* **Your assignment**
Would you return every entry below exactly as written, without its images?

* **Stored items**
::::::::
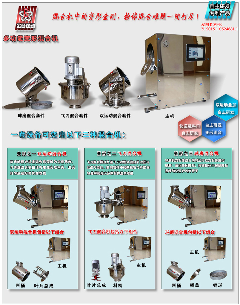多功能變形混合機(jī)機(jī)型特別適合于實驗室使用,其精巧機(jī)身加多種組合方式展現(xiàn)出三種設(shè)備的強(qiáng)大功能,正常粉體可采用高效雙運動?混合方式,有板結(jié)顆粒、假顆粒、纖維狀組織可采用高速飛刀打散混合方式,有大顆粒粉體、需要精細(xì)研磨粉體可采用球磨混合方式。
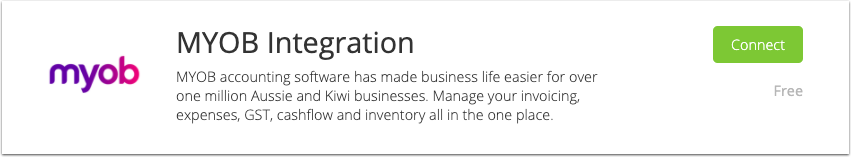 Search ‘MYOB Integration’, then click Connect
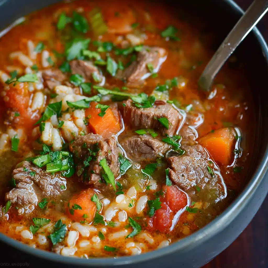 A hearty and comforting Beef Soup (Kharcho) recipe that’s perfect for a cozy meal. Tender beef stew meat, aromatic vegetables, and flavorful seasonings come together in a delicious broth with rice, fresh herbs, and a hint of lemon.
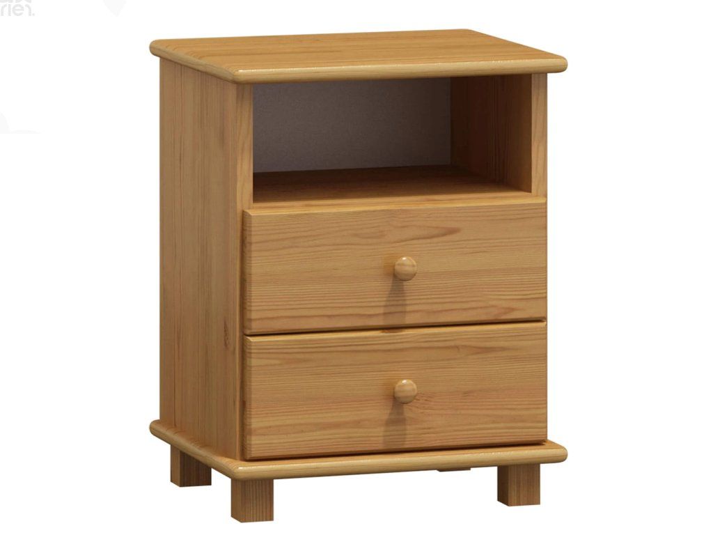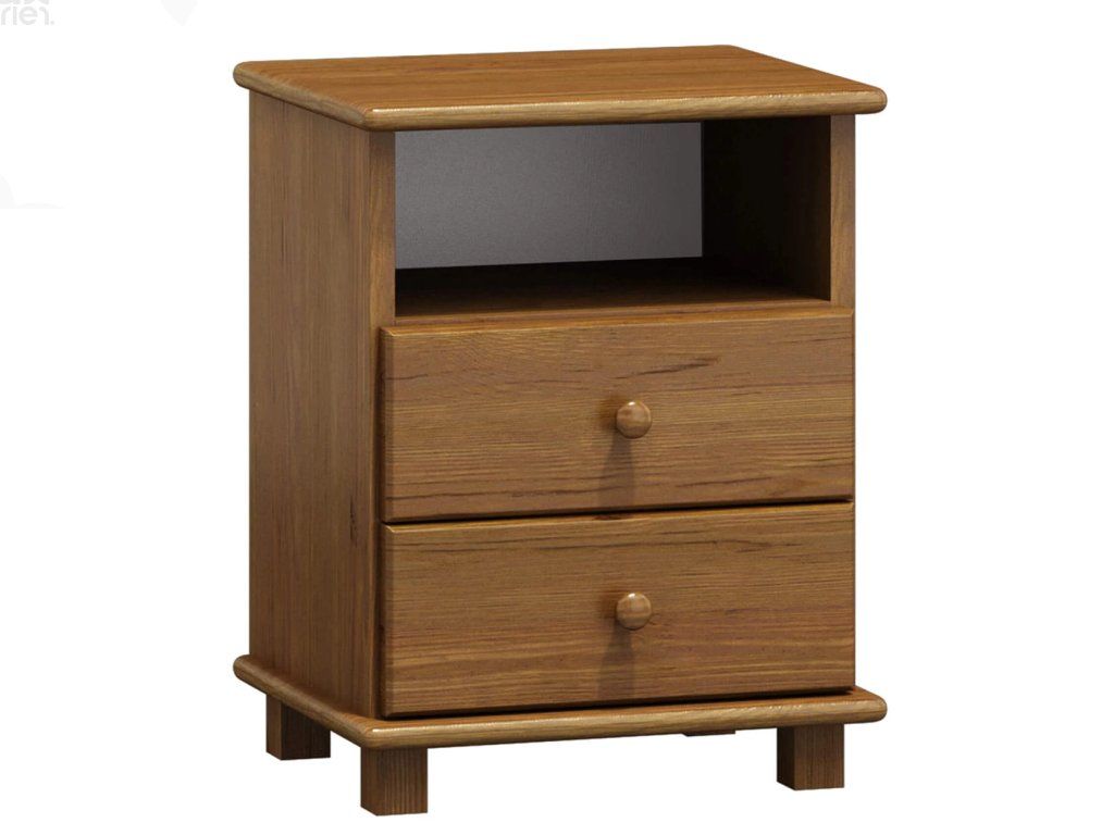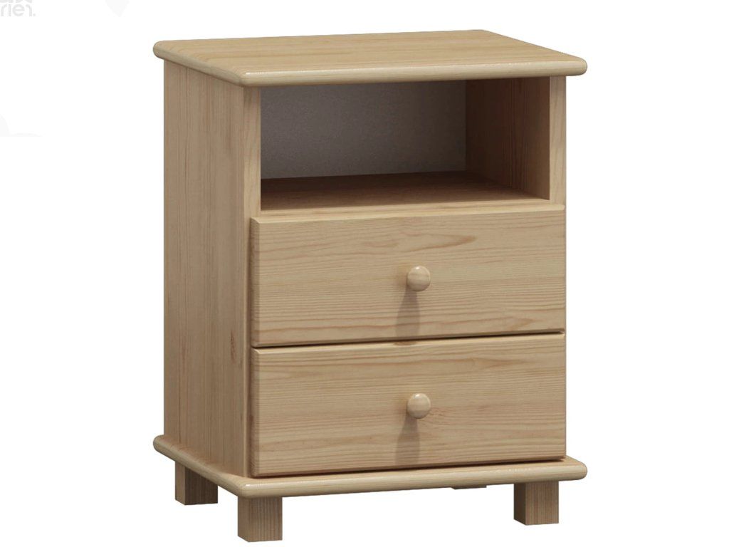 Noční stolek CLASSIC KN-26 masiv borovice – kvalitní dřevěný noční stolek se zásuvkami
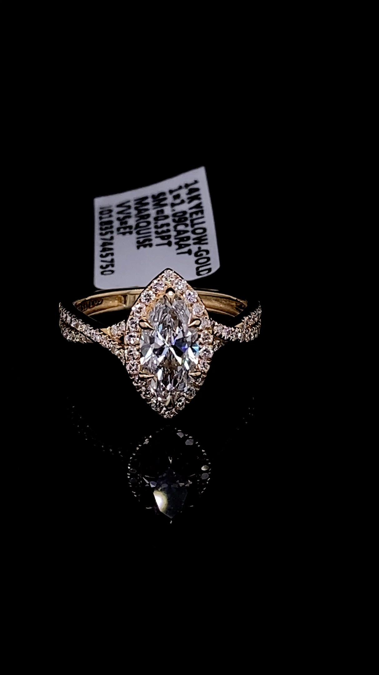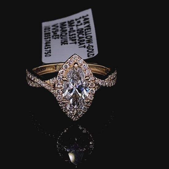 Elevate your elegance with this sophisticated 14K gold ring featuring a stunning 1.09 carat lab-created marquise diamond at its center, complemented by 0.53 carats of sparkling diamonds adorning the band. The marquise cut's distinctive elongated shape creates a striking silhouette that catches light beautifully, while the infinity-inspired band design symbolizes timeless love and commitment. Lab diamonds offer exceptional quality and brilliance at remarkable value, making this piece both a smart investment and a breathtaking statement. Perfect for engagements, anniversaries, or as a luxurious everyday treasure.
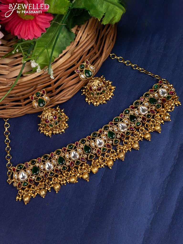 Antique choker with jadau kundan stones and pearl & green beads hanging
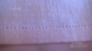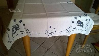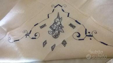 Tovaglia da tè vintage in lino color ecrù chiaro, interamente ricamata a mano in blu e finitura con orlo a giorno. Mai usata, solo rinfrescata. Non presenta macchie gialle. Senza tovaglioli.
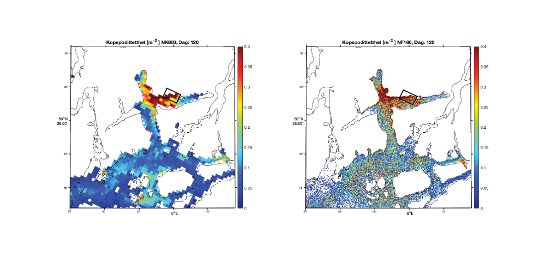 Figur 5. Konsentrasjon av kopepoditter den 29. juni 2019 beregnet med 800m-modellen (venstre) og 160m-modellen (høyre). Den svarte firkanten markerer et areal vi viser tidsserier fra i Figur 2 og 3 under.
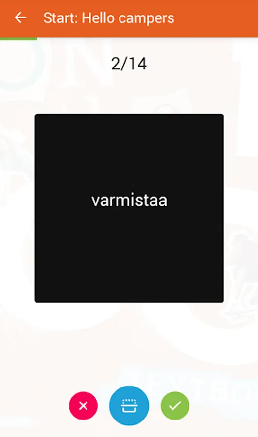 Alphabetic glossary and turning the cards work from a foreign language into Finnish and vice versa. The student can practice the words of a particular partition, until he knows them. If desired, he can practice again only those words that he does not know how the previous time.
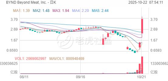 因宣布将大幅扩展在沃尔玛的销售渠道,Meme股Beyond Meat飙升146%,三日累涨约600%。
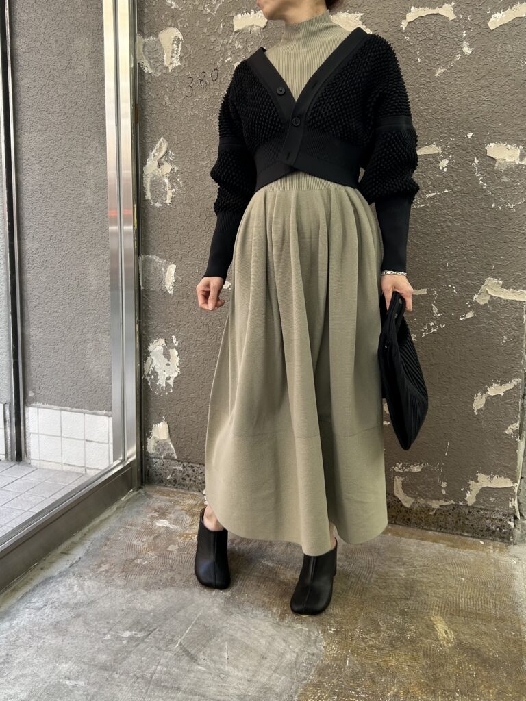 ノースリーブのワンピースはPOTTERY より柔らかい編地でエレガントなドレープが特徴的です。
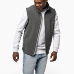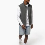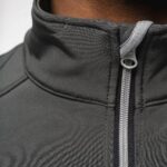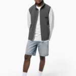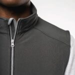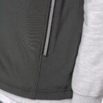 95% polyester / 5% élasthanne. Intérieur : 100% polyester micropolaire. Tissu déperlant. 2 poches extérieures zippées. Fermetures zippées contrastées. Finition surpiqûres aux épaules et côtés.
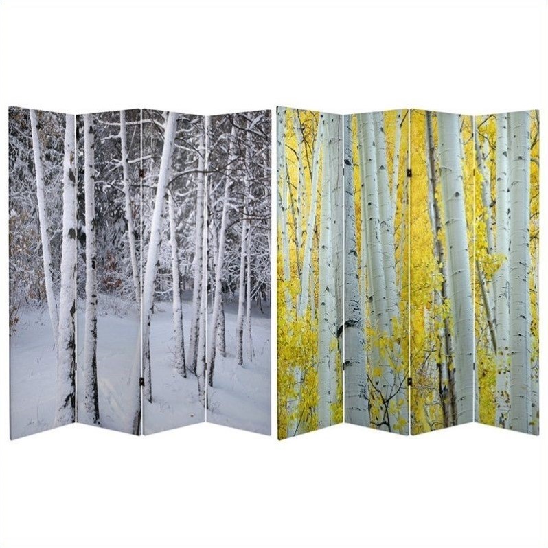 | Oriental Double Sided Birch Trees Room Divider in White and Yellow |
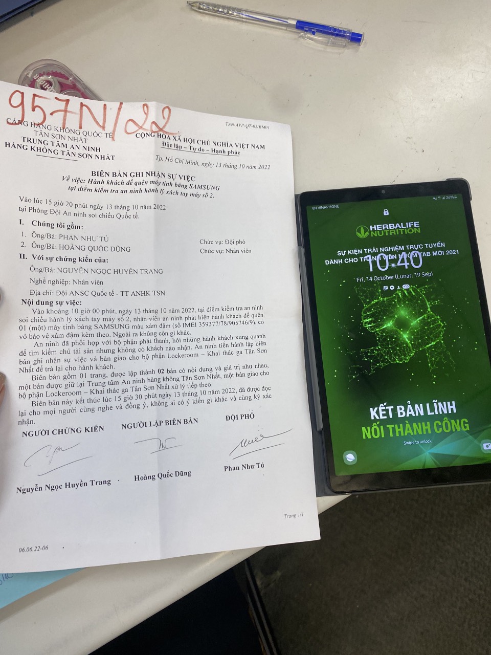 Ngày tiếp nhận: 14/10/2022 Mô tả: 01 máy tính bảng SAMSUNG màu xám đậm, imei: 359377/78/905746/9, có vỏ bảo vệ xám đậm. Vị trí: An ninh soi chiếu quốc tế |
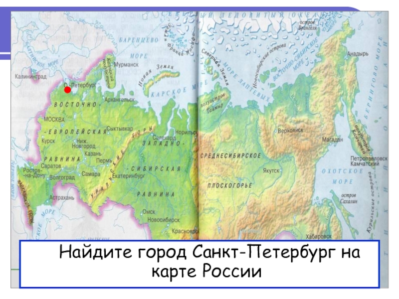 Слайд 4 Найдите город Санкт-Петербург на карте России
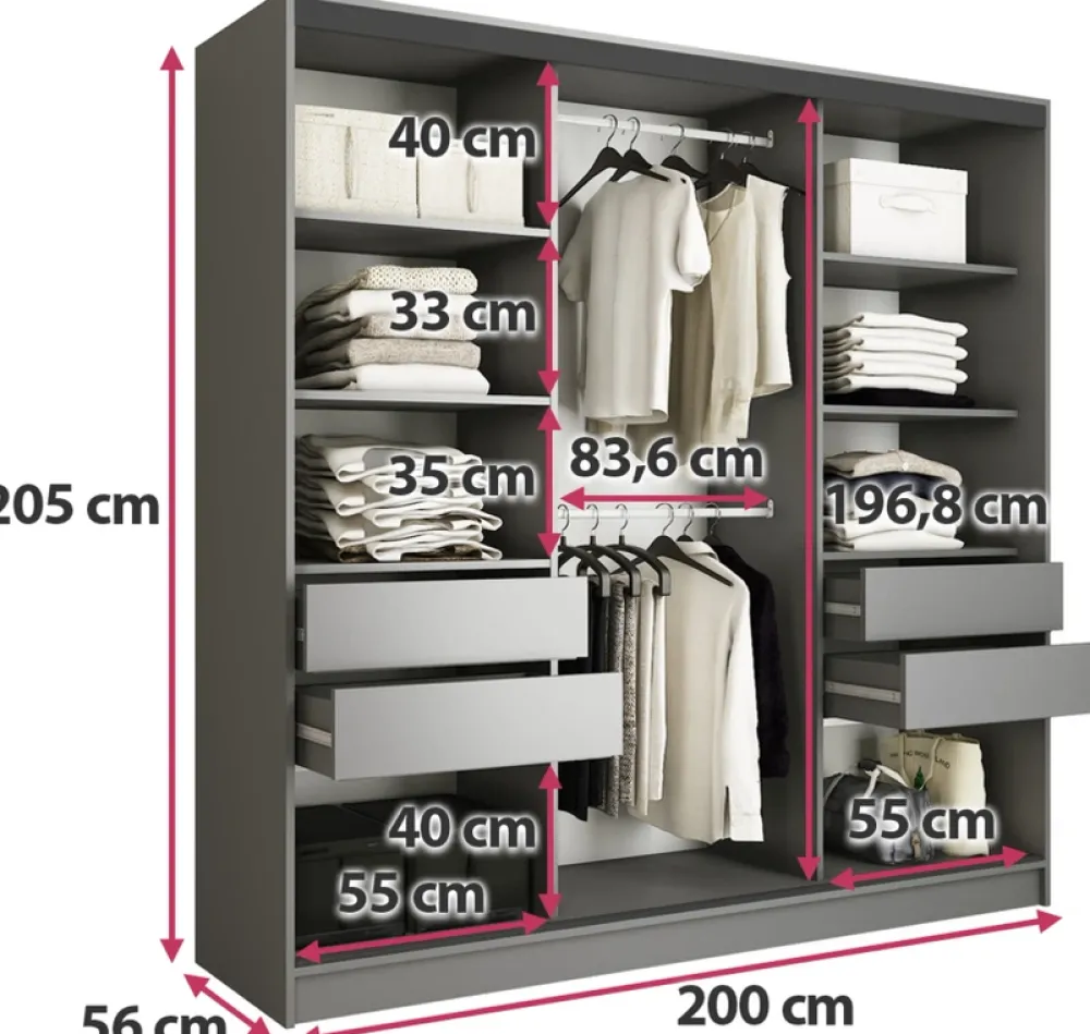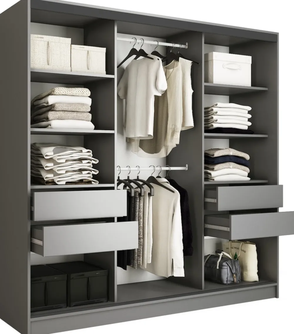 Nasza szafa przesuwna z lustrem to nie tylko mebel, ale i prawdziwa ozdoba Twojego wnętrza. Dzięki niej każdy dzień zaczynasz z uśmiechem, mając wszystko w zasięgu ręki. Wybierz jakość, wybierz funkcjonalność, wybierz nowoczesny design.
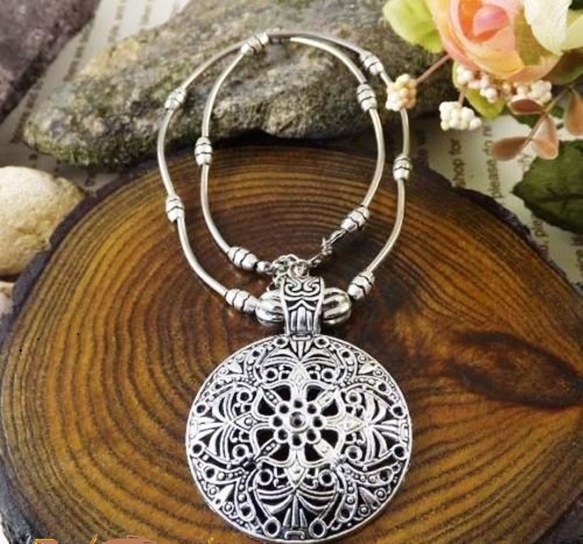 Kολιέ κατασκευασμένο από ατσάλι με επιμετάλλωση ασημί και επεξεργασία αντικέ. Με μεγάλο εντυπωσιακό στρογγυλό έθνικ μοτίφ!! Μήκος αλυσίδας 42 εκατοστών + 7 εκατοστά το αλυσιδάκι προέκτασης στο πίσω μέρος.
::::::::
* **Response area**
多功能變形混合機(jī)機(jī)型特別適合于實驗室使用,其精巧機(jī)身加多種組合方式展現(xiàn)出三種設(shè)備的強(qiáng)大功能,正常粉體可采用高效雙運動?混合方式,有板結(jié)顆粒、假顆粒、纖維狀組織可采用高速飛刀打散混合方式,有大顆粒粉體、需要精細(xì)研磨粉體可采用球磨混合方式。
 Search ‘MYOB Integration’, then click Connect
 A hearty and comforting Beef Soup (Kharcho) recipe that’s perfect for a cozy meal. Tender beef stew meat, aromatic vegetables, and flavorful seasonings come together in a delicious broth with rice, fresh herbs, and a hint of lemon.
 Noční stolek CLASSIC KN-26 masiv borovice – kvalitní dřevěný noční stolek se zásuvkami
 Elevate your elegance with this sophisticated 14K gold ring featuring a stunning 1.09 carat lab-created marquise diamond at its center, complemented by 0.53 carats of sparkling diamonds adorning the band. The marquise cut's distinctive elongated shape creates a striking silhouette that catches light beautifully, while the infinity-inspired band design symbolizes timeless love and commitment. Lab diamonds offer exceptional quality and brilliance at remarkable value, making this piece both a smart investment and a breathtaking statement. Perfect for engagements, anniversaries, or as a luxurious everyday treasure.
 Antique choker with jadau kundan stones and pearl & green beads hanging
 Tovaglia da tè vintage in lino color ecrù chiaro, interamente ricamata a mano in blu e finitura con orlo a giorno. Mai usata, solo rinfrescata. Non presenta macchie gialle. Senza tovaglioli.
 Figur 5. Konsentrasjon av kopepoditter den 29. juni 2019 beregnet med 800m-modellen (venstre) og 160m-modellen (høyre). Den svarte firkanten markerer et areal vi viser tidsserier fra i Figur 2 og 3 under.
 Alphabetic glossary and turning the cards work from a foreign language into Finnish and vice versa. The student can practice the words of a particular partition, until he knows them. If desired, he can practice again only those words that he does not know how the previous time.
 因宣布将大幅扩展在沃尔玛的销售渠道,Meme股Beyond Meat飙升146%,三日累涨约600%。
 ノースリーブのワンピースはPOTTERY より柔らかい編地でエレガントなドレープが特徴的です。
 95% polyester / 5% élasthanne. Intérieur : 100% polyester micropolaire. Tissu déperlant. 2 poches extérieures zippées. Fermetures zippées contrastées. Finition surpiqûres aux épaules et côtés.
 | Oriental Double Sided Birch Trees Room Divider in White and Yellow |
 Ngày tiếp nhận: 14/10/2022 Mô tả: 01 máy tính bảng SAMSUNG màu xám đậm, imei: 359377/78/905746/9, có vỏ bảo vệ xám đậm. Vị trí: An ninh soi chiếu quốc tế |
 Слайд 4 Найдите город Санкт-Петербург на карте России
 Nasza szafa przesuwna z lustrem to nie tylko mebel, ale i prawdziwa ozdoba Twojego wnętrza. Dzięki niej każdy dzień zaczynasz z uśmiechem, mając wszystko w zasięgu ręki. Wybierz jakość, wybierz funkcjonalność, wybierz nowoczesny design.
 Kολιέ κατασκευασμένο από ατσάλι με επιμετάλλωση ασημί και επεξεργασία αντικέ. Με μεγάλο εντυπωσιακό στρογγυλό έθνικ μοτίφ!! Μήκος αλυσίδας 42 εκατοστών + 7 εκατοστά το αλυσιδάκι προέκτασης στο πίσω μέρος.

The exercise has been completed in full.